Under the new curriculum, teachers are required to give tests to learners at the end of every topic or month to determine whether they have grasped what they are taught in class. This way, the chances of them remembering what they have learnt are high instead of waiting to cram for end-of-term examinations. The new arrangement also seeks to end the over-dependency on final examination results as the determinant of education excellence.

Christopher Muganga, the deputy director in charge of research and consultancy at NCDC, says they decided that continuous assessment contributes 20 percent in the infancy years of implementation to initiate the spirit and as years pass by, its contribution to the final result will be increased to 50 percent.

However, officials at UNEB are still puzzled on two issues; integrity and standard of classroom assessments.
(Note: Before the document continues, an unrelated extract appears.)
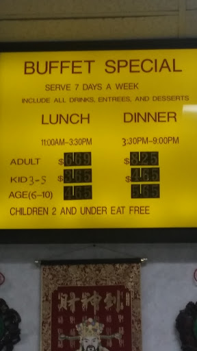 The best price for a Chinese Buffet in town!!! Better than Lucky 8 and Hibachi Grill they are too pricy and too much food not handling well and properly. I would not waste my money in eating at big or giant buffet restaurant. Remember we only got one stomach not 2 hahahaha...... even subway and enzo pizza just for one little entree cost more than 9 bucks and do the math

Odongo says that given the fact that the system is still new at O Level, there is still a lot to do.

“Many people are worried about the integrity issues, but we are also concerned about the standard of the assessments that will be given to learners in different schools; in national examinations there is uniformity, we know the standard of the examinations and all learners sit for the same assessment, this will not be the case,” he adds.

Odongo says that the board is currently preparing materials that will guide teachers on how to come up with standard and acceptable assessments. He further adds that UNEB is also working around setting up quality assurance measures that will uphold the integrity of the evaluations done in schools.

UNEB has been allocated over 5 billion shillings in the coming financial year to finance materials that will be sent to school, train teachers and also ensure that they have a robust server capacity to sustain transmission of student’s scores.